Named entity recognition (NER) is a process where software analyses text to locate words that a human would recognise as a distinct entity. These entities are then classified into categories, such as person, location, organisation, nationality, time, date, etc.
Some named entity recognisers, such as SpaCy, have a set of predefined categories that they have been trained to identify. Others, such as Stanford NER, allow you to define your own categories. Defining your own categories means you’ll need to train the recogniser to identify the entities you’re interested in. To do this, you’ll need to manually classify many documents, a time consuming and laborious process.
For example, if you wanted to know all the people mentioned in your text, your computer wouldn’t know how to tell you that information before you’ve performed NER, as it doesn’t know what people are.

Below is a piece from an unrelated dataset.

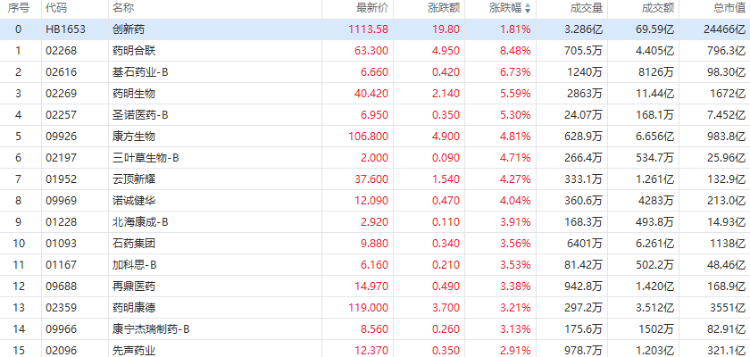 随着近期多只生物医药股靓丽业绩放榜,今日港股创新药概念也再度活跃。

After entities in your text have been classified, it’s easy for the computer to list all the entities with a “person” tag.
Uses and applications
Named entity recognition can be used to:
- find which people are mentioned in the same documents as each other
- identify places that are important in the text
- find if the entities mentioned in the text change with different time periods
- and many more patterns.
Limitations
It’s good to ensure that the NER you use has been trained on text that is similar to the kind of text that you’re working with.
A NER tagger trained with American terms and locations may mislabel Fairfax as a geographic location if we run it over newspapers published by Australasian Fairfax.
A tagger is never going to get everything right, so you will likely end up with some missed or misclassified entities.